Pittsburgh Restaurant Serves Palestinian Menu, U.S. Jews Are Outraged


A Pittsburgh take-out stand recently featured a menu of Palestinian dishes, and members of the area Jewish community are not amused.

Pittsburgh’s Conflict Kitchen features a rotating menu of foods from nations that are “in conflict with the United States,” and hosts performances, panel discussions, and other events to bring the food and culture of our “enemies” to Pittsburgh diners.

“Conflict Kitchen uses the social relations of food and economic exchange to engage the general public in discussions about countries, cultures, and people that they might know little about outside of the polarizing rhetoric of governmental politics and the narrow lens of media headlines. In addition, the restaurant creates a constantly changing site for ethnic diversity in the post-industrial city of Pittsburgh, as it has presented the only Iranian, Afghan, Venezuelan, North Korean and Palestinian restaurants the city has ever seen.”

However, members of Pittsburgh’s Jewish community have taken exception to the Palestinian menu, fearing that Palestinian takeout dishes may turn the hearts and minds of patrons against Israel.

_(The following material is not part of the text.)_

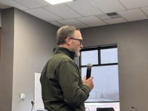“On behalf of the more than fifty Custer County citizens who have become known as R3, the Ryno Road Restoration citizens group, we respectfully request that before you vote on the 2025-26 highway plan…that one of you makes a motion, and another seconds it, to place at least Callaway northeast hot-mix, the Ryno Road project, onto the one-year portion of this immediate plan and then vote.”

Gregg Roman, of the Jewish Federation of Greater Pittsburgh, likes what the Conflict Kitchen is trying to do, but says that featuring a Palestinian menu is in bad taste.

“Conflict Kitchen’s focus on countries in conflict is honorable, but Palestine is not in conflict with the US. The restaurant is stirring up conflict for the sake of trying to be relevant.”

However, Conflict Kitchen founder Jon Rubin doesn’t see it that way. Via the Pittsburgh Post-Gazette, Mr. Rubin says that the some $30 billion the U.S. has pledged in military aid to Israel is proof that the U.S. is, in fact, in conflict with Palestine.

“You can’t always separate food and culture and politics, but food is a way of looking at our common humanity.”

In the past, Conflict Kitchen has offered menus from Iran (which included ground beef kebabs, lamb and chicken dishes, and several desserts featuring rosewater), North Korea (largely noodle-based stews), and Venezuela (which included lots of beans and plantains). The current Palestinian menu features hummus, baba ghanoush, tomato and cucumber salad, and Arabic bread.

Jezebel food writer C. A. Pinkham opines that the Jewish community’s response to the Palestinian menu has changed his beliefs about Conflict Kitchen.

“The Pittsburgh Jewish community’s outcry about this has made me strongly re-think my position there, though — we’re going tomorrow for lunch.”

Conflict Kitchen is hardly the first restaurant to find itself caught up in the midst of a political or social controversy; earlier this year, according to this Inquisitr report, a restaurant took down a sign promoting bacon after a Muslim complained.